Background Ultrasonography has proved more sensitive than physical examination to detect synovitis in rheumatoid arthritis, so we believe it can be useful to identify subclinical joint involvement in patients with Inflammatory Bowel Disease (IBD).
Objectives To evaluate the presence of synovitis with power Doppler ultrasonography (PDUS) in IBD patients without clinically evident musculoskeletal disease and to investigate its correlation with IBD variables.
Methods Cross-sectional study with prospective recruitment of IBD patients, without clinically overt musculoskeletal signs or symptoms, who attended the Gastroenterology out-patients clinic for follow-up during 2013. Gastroenterological, rheumatological and PDUS evaluation, blind to each other, were performed. Clinical assessment included demographics, comorbidities, IBD characteristics (activity, phenotype, evolution time and clinical subtype), work and sport activities and musculoskeletal clinical examination. PDUS evaluation consisted of the detection of grey scale (GS) synovitis and synovial power Doppler (PD) signal in 44 joints (bilateral sternoclavicular, acromioclavicular, glenohumeral, elbow, carpal, MCP, PIP, knee, ankle and MTP joints) using a LOGIQ7 General Electric machine with a 12-MHz linear array transducer. PDUS variables were scored binary (present/absent) and semiquantitatively. Statistical analysis: continuous variables are expressed as mean ± SD or range and categorical variables as number of cases (%). The associations were evaluated by the Student's t test and Mann-Whitney test for continuous variables and by the χ2 test for categorical ones. Pearson and Spearman correlations of PDUS with clinical and analytical variables were analyzed. The intra-reader agreement for PDUS was estimated in all images obtained. Statistical significance was set at p<0.05 (Stata 10).
Results 23 (56.5% male) IBD patients [9 Crohn's disease (CD) and 14 ulcerative colitis (UC)] have been included so far. Clinical variables: Age 42±12 years, evolution time 9 years (range: 0.1-33), CDAI 28±21, Mayo index 0.4±1, DMARD therapy in 91.3% for 5.5±5.3 years, ESR 12±8.8 mm/h and CRP 0.12±0.14 mg/dl. GS joint effusion and synovial hypertrophy in at least 1 joint were present in 91.3% and 100%, respectively, with poliarticular (≥5 joints) involvement in 47.8% and 74%, respectively, which was mostly of mild or moderate intensity. Mild or moderate PD signal was positive in 47.8% of patients. Joint effusion and synovial hypertrophy were more frequent in MTF, MCF and carpal joints and PD signal in carpal and knee joints.

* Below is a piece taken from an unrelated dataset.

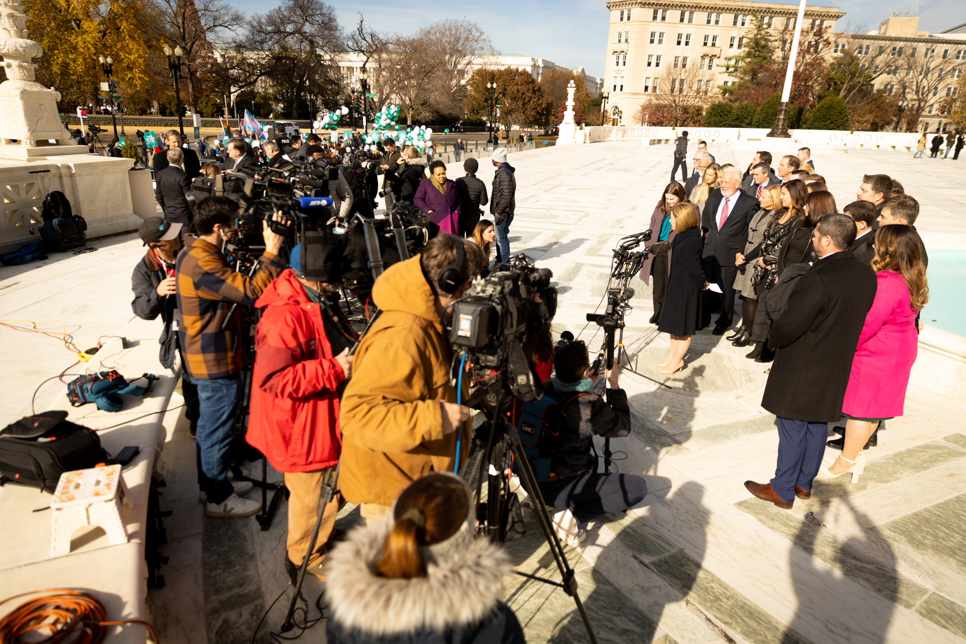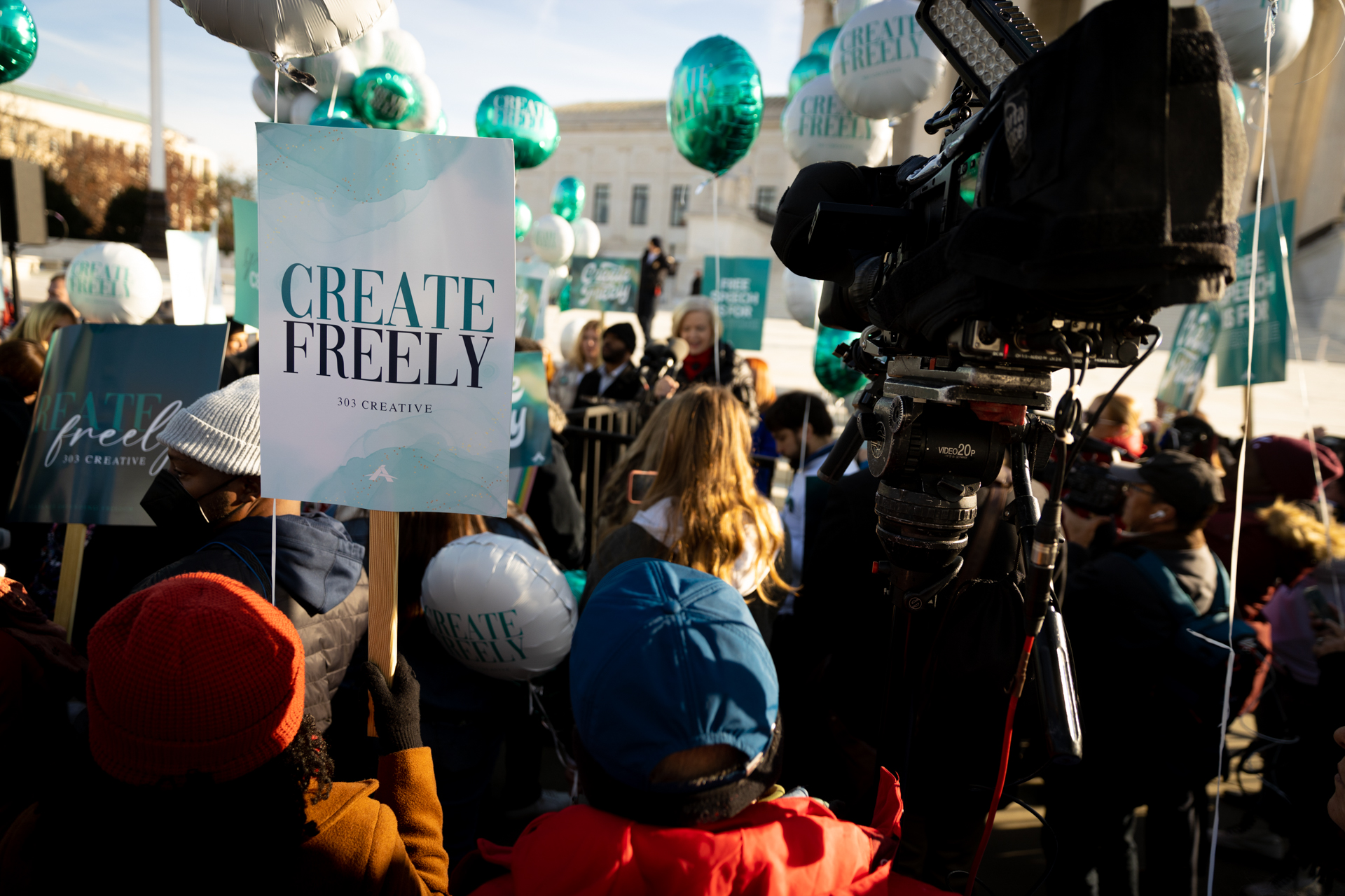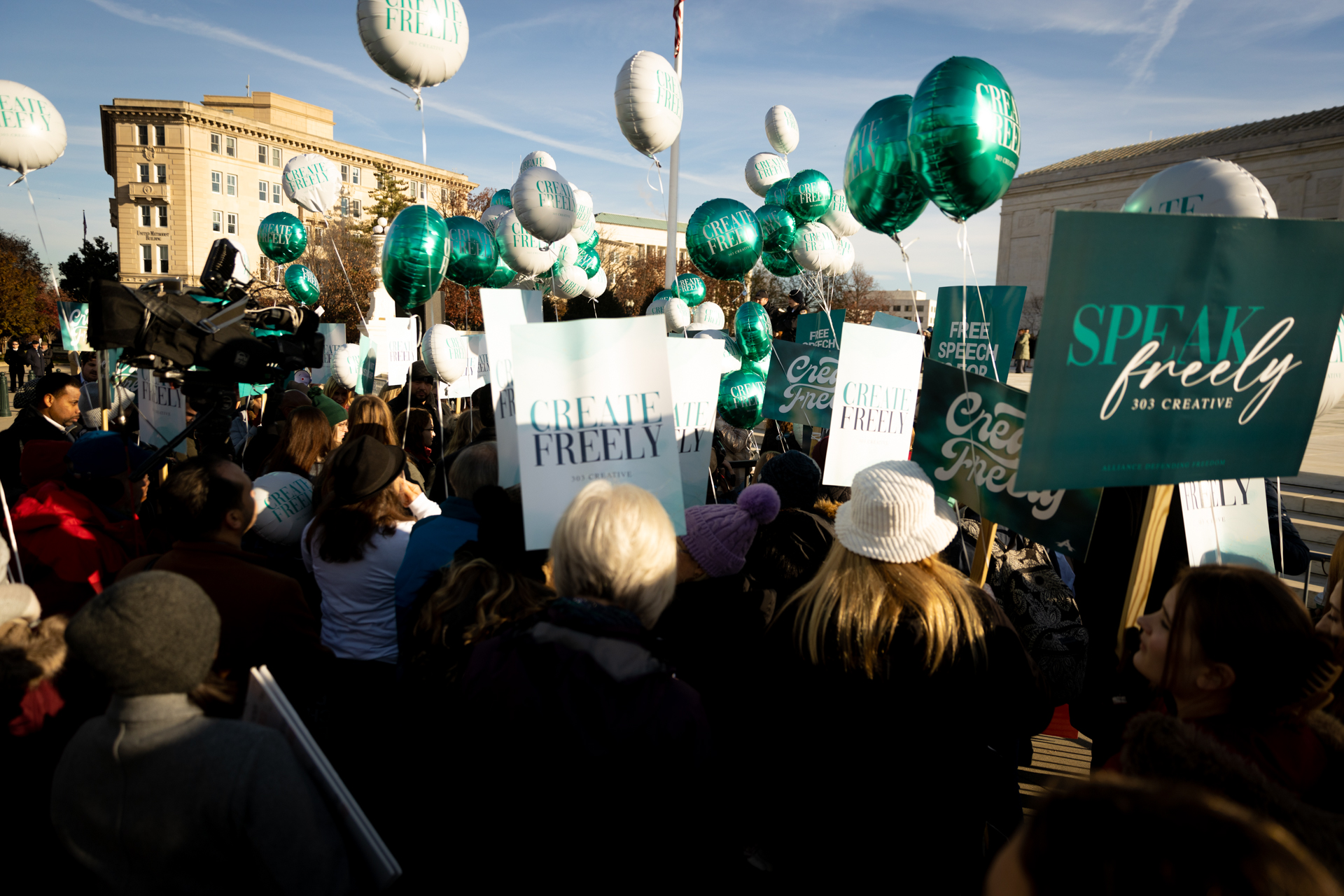 Supporters of Lorie Smith gathered at the U.S. Supreme Court in Washington, D.C., on the day of oral arguments, Dec. 5, 2022.

We found no association between PDUS variables and clinical or analytical IBD variables, probably due to the yet small sample size. The intra-reader agreement was high (0.8 intra-class correlation variability).
Conclusions Subclinical joint ultrasound abnormalities are common in patients with IBD, regardless of clinical subtype and even in patients with short evolution time and low intestinal activity. Prospective longitudinal studies are needed to define its predictive value of clinically overt musculoskeletal disease and its association with structural deterioration.